Charges will continue to accrue while EVI is paused. If you wish to completely pause both input and output you should instead disconnect and resume the chat when ready.
EVI when resumed
When EVI receives a resume_assistant_message
, it generates a response that takes into account all user
input received during the pause.
- Pausing vs. muting: Pausing EVI’s responses is distinct from muting user input. With muted input, EVI does not “hear” the user’s audio and therefore cannot respond to it. While paused, however, EVI continues to process user input and can respond when resumed.

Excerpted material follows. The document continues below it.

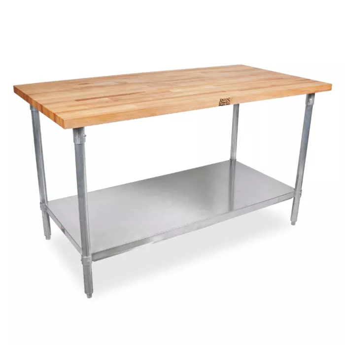 The John Boos Wood Top Work Table features a 1.5" thick Northern Hard Rock Maple top with galvanized legs and an adjustable undershelf. The wood top comes standard with our oil finish and provides additional counter space to any bakery, garage, commercial business or residential home. The galvanized undershelf can be used to store tools, supplies, or kitchen cookware. Available in 30” widths and various lengths. NSF & CSA Certified.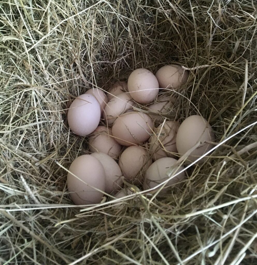 Rich and I have been searching high and low for nests, we knew the girls were laying somewhere hidden despite getting regular eggs in the chook house. By chance as I was sorting out the barn area for Sophie and Secret, I found a nest in the hay! Over the summer the girls don’t eat much hay, so I guess it was the perfect spot, especially given all the wet weather. We have also discovered they are laying in the little house we first had the piglets in and are now laying in the big pig house right where the boys sleep! So surprised they aren’t eating them but appears not!

- Response to paused input: Upon resuming, EVI may respond to multiple points or questions raised during the pause. However, by default, EVI prioritizes the latest user input rather than attempting to address all earlier points. For instance, if the user asks two questions while EVI is paused, EVI will generally respond to the second question, unless instructed to address each item.
Resuming chats
The resumability feature allows you to reconnect to an ongoing chat session, preserving all prior conversation context. This is especially useful in cases of unexpected network failures or when a user wishes to pick up the conversation at a later time, enabling continuity without losing progress.
Implementing resumability
See steps below for how to resume a chat:
-
Establish initial connection: Make the initial handshake request to establish the WebSocket connection. Upon successful connection, you will receive a ChatMetadata message:
Chat metadata -
Store the ChatGroup reference: Save the chat_group_id from the
ChatMetadata
message for future use. -
Resume chat: To resume a chat, include the stored
chat_group_id
in the resumed_chat_group_id query parameter of subsequent handshake requests.When resuming a chat, you can specify a different EVI configuration than the one used in the previous session. However, changing the system prompt or supplemental LLM may result in unexpected behavior from EVI.
Additionally, if data retention is disabled, the ability to resume chats will not be supported.